▶ WHAT THIS TASK INVOLVES
Nothing but the text belongs in the answer: the listing below, copied exactly, without pictures.

▶ GIVEN INFORMATION
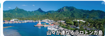
山々が連なるラロトンガ島

ニュージーランドの北東約3,000km離れた南太平洋に大小15の島々からなるクック諸島。15の島々は1,000kmの海を隔てて北クック諸島と南クック諸島に分かれています。面積は237km 2 (大阪市とほぼ同じ)。人口19,200人。首都は南クック諸島のラロトンガ島アバルア。ラロトンガ島は熱帯雨林に覆われた標高400～500mの山々が連なっています。公用語はクック諸島マオリ語と英語。宗教はキリスト教。ニュージーランドと自由連合関係があり、国民はニュージーランドの国籍を有します。46カ国と外交関係があり、2011年に日本も国家として承認しております。
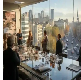
مدريد - إسبانيا

▶ ANSWER TO THIS EXERCISE
山々が連なるラロトンガ島

ニュージーランドの北東約3,000km離れた南太平洋に大小15の島々からなるクック諸島。15の島々は1,000kmの海を隔てて北クック諸島と南クック諸島に分かれています。面積は237km 2 (大阪市とほぼ同じ)。人口19,200人。首都は南クック諸島のラロトンガ島アバルア。ラロトンガ島は熱帯雨林に覆われた標高400～500mの山々が連なっています。公用語はクック諸島マオリ語と英語。宗教はキリスト教。ニュージーランドと自由連合関係があり、国民はニュージーランドの国籍を有します。46カ国と外交関係があり、2011年に日本も国家として承認しております。
مدريد - إسبانيا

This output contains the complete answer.